Readers and advertisers have found new sources for information, such as social media, start-up independent news sites and blogs, leaving the legacy media scrambling to stay alive. Mayer believes one solution is to forget the elitist, we-know-it-all model and instead have a real conversation with the audience. "Ditch the lecture. Join the conversation" is the focus of her 2010-11 Donald W. Reynolds Fellowship at the Reynolds Journalism Institute.
As design editor at the Columbia Missourian, Mayer sees the need for news leaders to be more deeply engaged with the newspaper’s readers. Finding the time to do that can be especially challenging while producing a newspaper with a staff that changes every 16 weeks. Now she has the chance to step back and "take the dreams outside the newsroom" during her fellowship.
One key issue is how to translate data already available into real changes that will reflect what readers want. For instance, in the past, editors generally feared pandering to the readers who don't want coverage of serious issues, such as the economy or war. The fear is "if you give them what they want, it will be all Britney Spears," Mayer says.
"We have all these analytics on what they're reading, how much time they spend on the site," says Mayer, who worked previously in design and editing at the Sarasota Herald Tribune. "But how many decisions are made based on that? How many newsrooms are planning coverage based on it?"
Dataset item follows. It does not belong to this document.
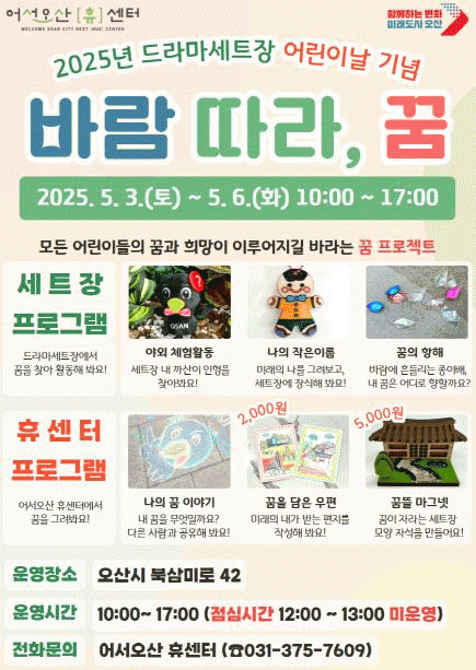 [NWS¹æ¼Û=Çѽ¸ñ ±âÀÚ]¿À»ê½Ã´Â 5¿ù 5ÀÏ ¾î¸°À̳¯À» ¸Â¾Æ ¡®¹Ù¶÷ µû¶ó, ²Þ¡¯ ÇÁ·Î±×·¥À» ¿î¿µÇÑ´Ù°í ¹àÇû´Ù. À̹ø ÇÁ·Î±×·¥Àº ¿À»ê µå¶ó¸¶¼¼Æ®Àå ÀÏ¿ø¿¡¼­ 5¿ù 3ÀϺÎÅÍ 6ÀϱîÁö 4Àϰ£ ÁøÇàµÈ´Ù. ¿î¿µ½Ã°£Àº ¿ÀÀü 10½ÃºÎÅÍ ¿ÀÈÄ 5½Ã±îÁö¸ç¡¦
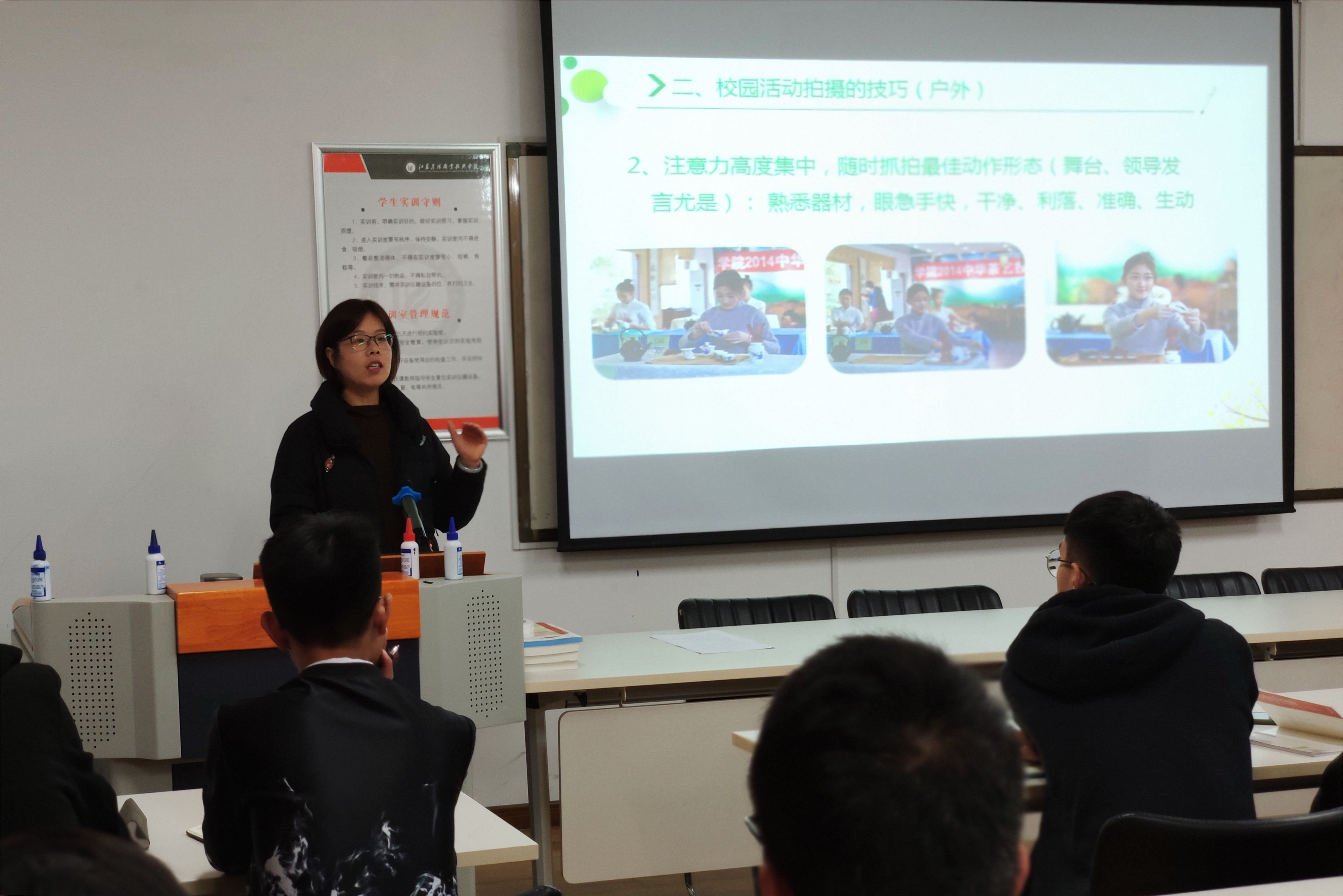 吴老师从为人处事之道与摄影写作的联系为切入点,介绍了校园拍摄的基本技巧,并结合自身工作实践,深入讲解了校园活动户外、室内拍摄要点和新闻材料撰写要求,吴老师以丰富的案例和图片素材,高度凝练的表达,让同学们受益匪浅。

The "do it better" attitude seems to be ingrained in Mayer. As a college student at the University of Oklahoma, Mayer heard there was money to be made if you could spot errors in the student newspaper. "I got a red pen and started circling all the mistakes," Mayer says, "and I got hired as a copy editor."
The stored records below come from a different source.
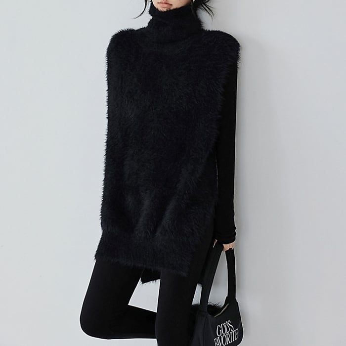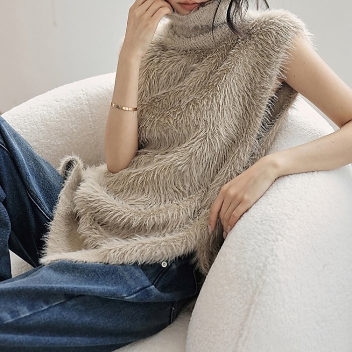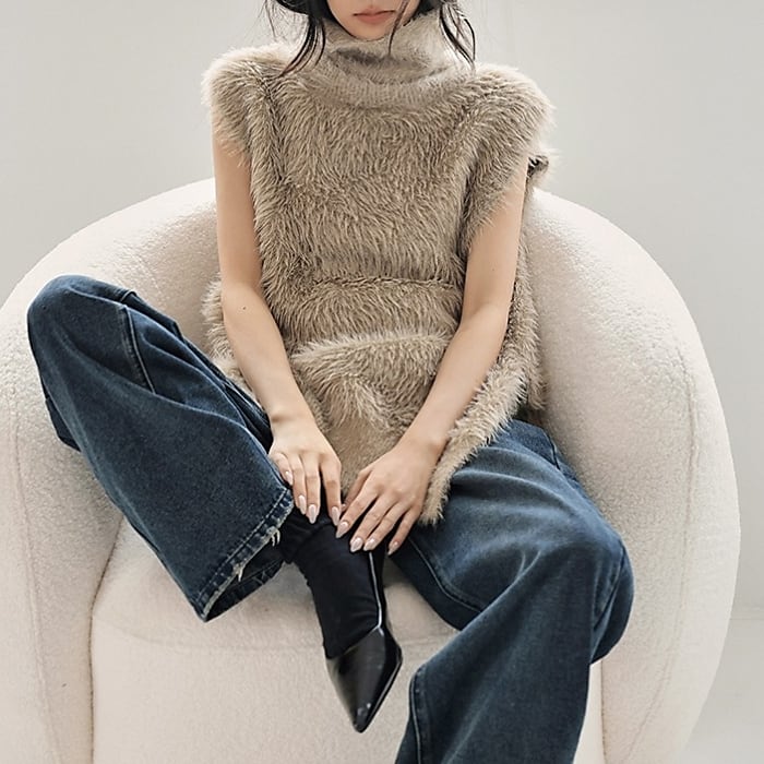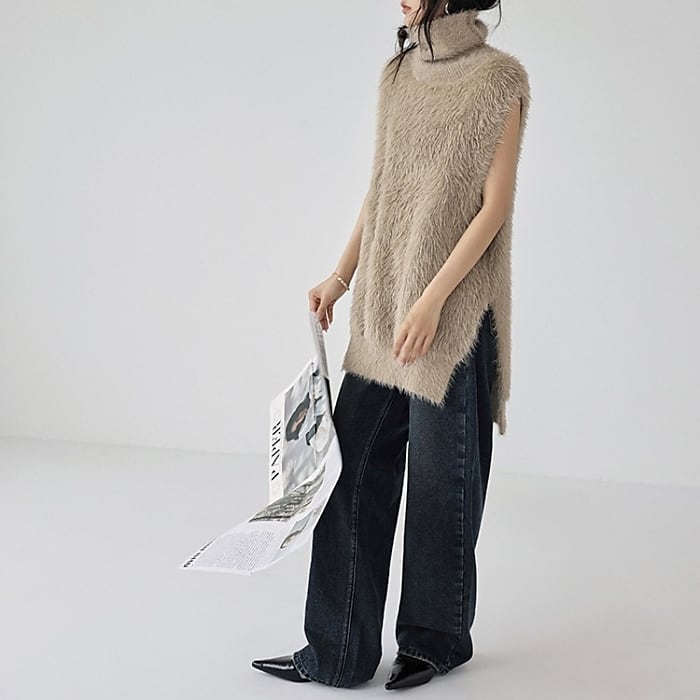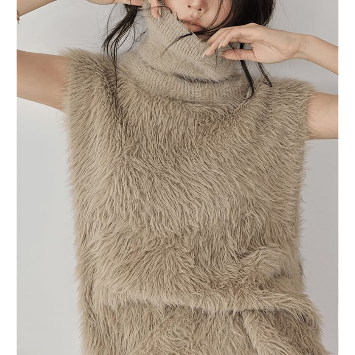 ノースリーブシャギーハイネックニット[S-L]
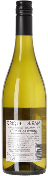 Crique Dream 2023 är tillverkat av 50% Sauvignon Blanc, som kompletteras med samma mängd Colombard. Druvorna väljs från kalkhaltiga jordar nära Atlanten, där ett svalt maritimt inflytande ger druvor och vin som är fyllda med smakrik mineralitet och skarp aromatisk rikedom.
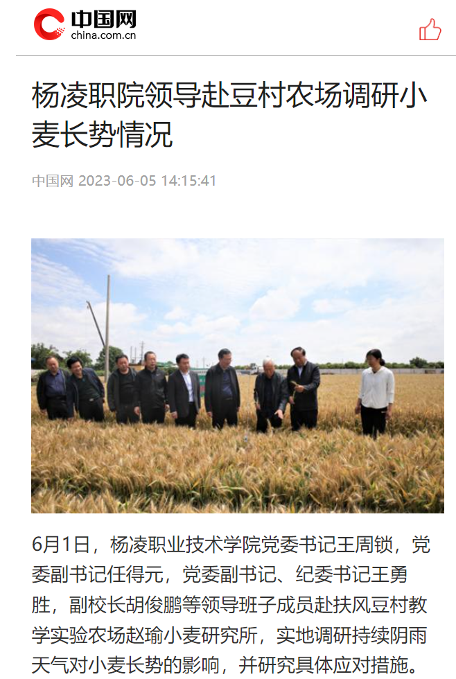 6月1日,304am永利党委书记王周锁,党委副书记任得元,党委副书记、纪委书记王勇胜,副校长胡俊鹏等领导班子成员赴扶风豆村教学实验农场赵瑜小麦研究所,实地调研持续阴雨天气对小麦长势的影响,并研究具体应对措施。党委委员、组织部部长田争运,党委委员、宣传部部长裴红波,科技与教育研究处处长冯旭,基地办主任王稳江等陪同调研。

During her fellowship year, Mayer wants to build a database of "engagement case studies," a log of those news organizations, big or small, that are really engaged with readers.
This isn't a new conversation — many news leaders have been lamenting this at convention panels and web posts. Trouble is, "we've done a terrible job of communicating with each other.” Just like in the competition over who’s first with the breaking news, in the realm of ideas "we're afraid of being scooped," Mayer says.
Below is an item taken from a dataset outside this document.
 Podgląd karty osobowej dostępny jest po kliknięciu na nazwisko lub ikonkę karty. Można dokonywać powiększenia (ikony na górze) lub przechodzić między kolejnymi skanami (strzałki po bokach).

She expects to visit news organizations, especially start ups trying new approaches to listening to readers, and blog about her results. She also wants to study what other industries, such as public health, sociology and politics, have done to listen, engage and measure what really works.
"I want to find examples of real engagement with the audience, define it and measure it," she says. "If we say engaging with readers is our goal, there's got to be a way to do that."